El lema escogido para 2016 es especialmente intuitivo y cercano a la sociedad: “Vivir para contarlo”. Dicho aspecto se enmarca dentro de la campaña Sendai siete, lanzada por la Agencia de Naciones Unidas para la Reducción del Riesgo de Desastre  (UNISDR) que establece las siguientes 7 metas durante los próximos 7 años (2016-2022).

  • 2016 – Meta 1: Reducir considerablemente la mortalidad mundial causada por los desastres para 2030, buscando que la mortalidad mundial promedio entre 2020 y 2030 sea inferior en 100.000 a la mortalidad registrada en el período 2005-2015;
  • 2017 – Meta 2: Reducir considerablemente el número de personas afectadas en el ámbito mundial para 2030, buscando que la cifra promedio mundial entre 2020 y 2030 sea inferior en 100.000 a la cantidad registrada en el período 2005-2015;
  • 2018 – Meta 3: Reducir para 2030 las pérdidas económicas directas ocasionadas por los desastres con relación al producto interno bruto (PIB) mundial;
  • 2019 – Meta 4: Reducir considerablemente los daños causados por los desastres en las infraestructuras esenciales y la interrupción de servicios básicos, en particular en las instalaciones educativas y de salud, entre otras cosas mediante el aumento de su resiliencia para 2030;
  • 2020 – Meta 5: Aumentar considerablemente el número de países que cuentan con estrategias nacionales y locales para la reducción del riesgo de desastres para 2020;
  • 2021 – Meta 6: Aumentar considerablemente la cooperación internacional con los países en desarrollo mediante un apoyo adecuado y sostenible para complementar sus acciones nacionales para la aplicación de este Marco para 2030;
  • 2022 – Meta 7: Aumentar considerablemente la disponibilidad y el acceso de las personas a sistemas de alertas tempranas para múltiples amenazas, al igual que a información y evaluaciones del riesgo de desastres para 2030.

La importancia de la meta en la que nos centramos este año es indiscutible ya que durante 2005 y 2014 se han producido una media de más de 70.000 muertes anuales por desastres.
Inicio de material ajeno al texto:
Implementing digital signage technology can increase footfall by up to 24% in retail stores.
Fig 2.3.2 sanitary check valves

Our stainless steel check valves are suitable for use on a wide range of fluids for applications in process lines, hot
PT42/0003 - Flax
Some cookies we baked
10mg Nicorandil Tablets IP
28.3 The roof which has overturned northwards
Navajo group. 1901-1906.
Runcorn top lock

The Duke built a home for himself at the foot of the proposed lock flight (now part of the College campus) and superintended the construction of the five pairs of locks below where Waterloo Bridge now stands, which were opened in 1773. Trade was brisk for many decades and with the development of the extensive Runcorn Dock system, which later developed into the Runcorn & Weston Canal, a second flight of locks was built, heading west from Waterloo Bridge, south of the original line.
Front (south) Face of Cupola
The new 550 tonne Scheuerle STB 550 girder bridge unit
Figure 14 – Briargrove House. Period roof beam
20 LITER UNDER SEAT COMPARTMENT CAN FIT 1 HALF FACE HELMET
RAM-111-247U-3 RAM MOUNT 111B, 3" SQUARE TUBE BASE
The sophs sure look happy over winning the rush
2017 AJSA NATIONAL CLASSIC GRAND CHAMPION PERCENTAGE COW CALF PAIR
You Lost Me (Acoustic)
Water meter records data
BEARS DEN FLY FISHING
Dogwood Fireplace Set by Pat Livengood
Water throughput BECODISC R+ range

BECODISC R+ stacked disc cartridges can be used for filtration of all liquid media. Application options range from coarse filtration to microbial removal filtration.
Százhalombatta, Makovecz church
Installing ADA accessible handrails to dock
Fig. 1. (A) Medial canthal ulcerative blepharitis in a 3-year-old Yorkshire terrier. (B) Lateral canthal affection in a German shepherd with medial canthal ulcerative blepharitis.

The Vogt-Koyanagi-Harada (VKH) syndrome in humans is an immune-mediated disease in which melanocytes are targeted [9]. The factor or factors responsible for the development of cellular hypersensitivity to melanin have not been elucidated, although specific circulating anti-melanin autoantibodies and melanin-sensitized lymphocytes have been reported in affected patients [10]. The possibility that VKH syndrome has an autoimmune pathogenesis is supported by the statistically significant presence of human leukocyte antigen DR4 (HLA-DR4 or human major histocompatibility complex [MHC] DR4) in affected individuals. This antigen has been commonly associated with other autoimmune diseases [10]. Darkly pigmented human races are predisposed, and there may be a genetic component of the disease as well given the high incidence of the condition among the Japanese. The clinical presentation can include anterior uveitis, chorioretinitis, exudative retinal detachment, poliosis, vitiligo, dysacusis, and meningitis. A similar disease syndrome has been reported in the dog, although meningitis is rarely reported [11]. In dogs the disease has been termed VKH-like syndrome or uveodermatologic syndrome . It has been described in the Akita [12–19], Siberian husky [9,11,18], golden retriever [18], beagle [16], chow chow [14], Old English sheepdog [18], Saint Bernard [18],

Si tenemos en cuento los grupos más afectados, destacaremos la importancia de aplicar un enfoque diferencial sin el cual, será imposible el cumplimiento de dicha meta. Los datos muestran que el impacto de los desastres en mujeres, niños y niñas es altamente desproporcionada, la probabilidad de que estos/as mueran debido a un desastre es hasta 14 veces mayor que la de los hombres. Además  del nivel de afectación que sufren las personas con alguna discapacidad, las personas mayores y la población indígena.

Vivir para contarlo, lema aparentemente sencillo, pero con ingentes implicaciones. ¿Estaremos a la altura este año?